About Jim
BIO
Jim Hague grew up in the Midwest and studied painting and art history at Central College in Fayette, Missouri. Jim’s painting instructor Philip Malette was French, trained in the classic tradition of the Ecole des Beaux-Arts, and a classic fundamentalist who did not encourage expressionism. This dispirited Jim early on, resulting in a lot of scribbling, doodling, and making unrecognizable characters with his pen during the lecture and art appreciation periods of his college instruction. Jim also studied calligraphy under Frank (Sanje) Elliott, renowned calligrapher from Seattle and supplemented his income by writing invitations, announcements, card and envelopes for wealthy individuals and institutions mostly in the San Francisco Bay Area. The calligraphy inspired drawings and paintings that Theos creates today, straddle the line between color field and action painting.
Jim has also spent much of his life on a spiritual journey through practices of meditation, massage therapy, and movement and dance. Both his aesthetic as a calligraphy writer and spiritual practices have influenced the work Jim makes today.
It took Jim many years, and several careers related to design and the healing arts to come back to the creative practice of his youth. With the help and encouragement of abstract expressionist painter Abbie Rabinowitz, he began to embrace this form of expression and in the last decade, his career as an artist has become central to his life. Jim describes this return to his creative practice as “the indescribable comfort and satisfaction of doing my own work finally in this lifetime is a reward well worth waiting for”.

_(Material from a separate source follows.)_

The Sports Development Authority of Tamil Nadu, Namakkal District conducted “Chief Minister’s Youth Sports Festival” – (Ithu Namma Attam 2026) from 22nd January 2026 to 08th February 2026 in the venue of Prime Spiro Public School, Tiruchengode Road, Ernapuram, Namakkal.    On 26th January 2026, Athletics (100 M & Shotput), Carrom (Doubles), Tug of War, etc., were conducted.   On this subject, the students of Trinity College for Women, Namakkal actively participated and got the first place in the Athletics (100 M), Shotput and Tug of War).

Jim divides his time between Hawaii, France and San Miguel de Allende, Mexico where he lives and works.
Jim’s work under his name THEOS is in private and institutional collections in San Francisco, Honolulu, Santa Fe, Taos, New York City, Palm Beach, Paris and Munich.
ARTIST STATEMENT
At this stage of my life, I feel released from restraints and free at last to allow the self to express. I have been actively working most of my days since to this end. The work effortlessly flows, like a continuation of the breath.
I use the fluid lines of eastern calligraphy. They blend into their own unique style, their own language or messages.

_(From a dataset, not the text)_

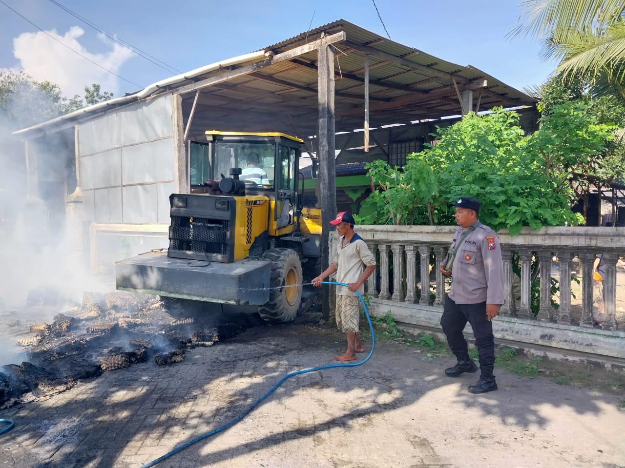 Mengetahui hal tersebut, petugas segera mendatangi lokasi kejadian dan mendapati adanya kebakaran di halaman rumah sekaligus gudang milik Sdr. Badrus. Saat kejadian, pemilik rumah diketahui sedang melaksanakan salat Zuhur.

I consider the beauty of the hand drawn line, whether it’s paint, pencil, chalk, ink or charcoal. Sometimes the elegance of a simple, single line leaves me stunned.

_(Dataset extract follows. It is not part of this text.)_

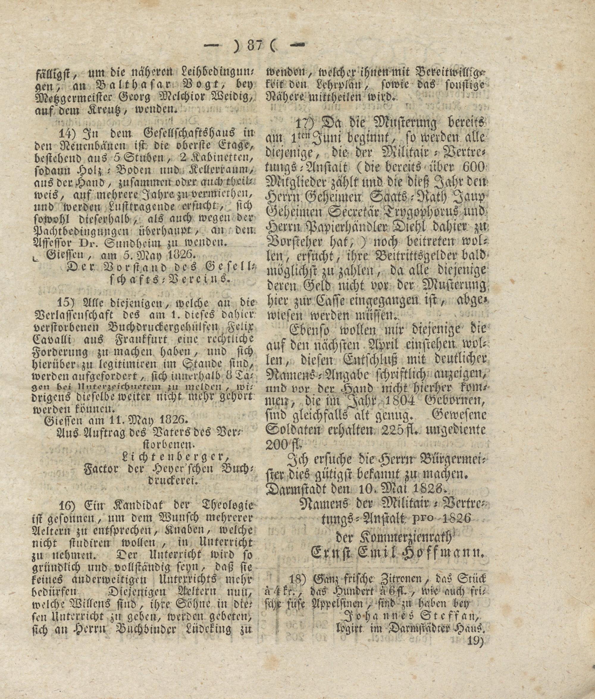 17) Da die Musterung bereits am ikcnJuni beginnt, so werden alle diejenige, die- der Militair - Vertretungs-Anstalt (die bereits über 600 Mitglieder zahlt und die dieß Jahr den Herrn Geheimen Saats - Rath Jaup Geheimen Secretär Trygophorus und. Herrn Papierhändler Diehl dahier zur Vorsteher hat, ) noch betreten wollen , ersucht, ihre Beitrittsgelder baldmöglichst zu zahlen, da alle diejenige deren Geld nicht vor der Musterung, hier zur Caste eingegangen ist, abge» wiesen werden müssen..

The work is worship. The more I strive to perfect it the closer communion I feel with the creator. What greater gift could there be than to see one’s work as worship?
That’s to say that when I draw or paint I am at prayer. Spirit is the one doing the work.
Sometimes it takes the form of a forgotten, ancient or esoteric language. Not legible as words but as a form of expression. Fields of potential meaning, surfaces where all information may exist in disorder. The work resists a category or label, leaving space for ambiguity, memory and the spaces of transmission.
I am influenced by the artists Agnes Martin, Mark Tobey, Cy Twombly and Vija Celmins to name a few.
There is a duality in this work, of meaning and non meaning. The fields seem devoid of meaningful content, or maybe not. I think of some of them as ‘veiled mysteries’. The viewer can decide.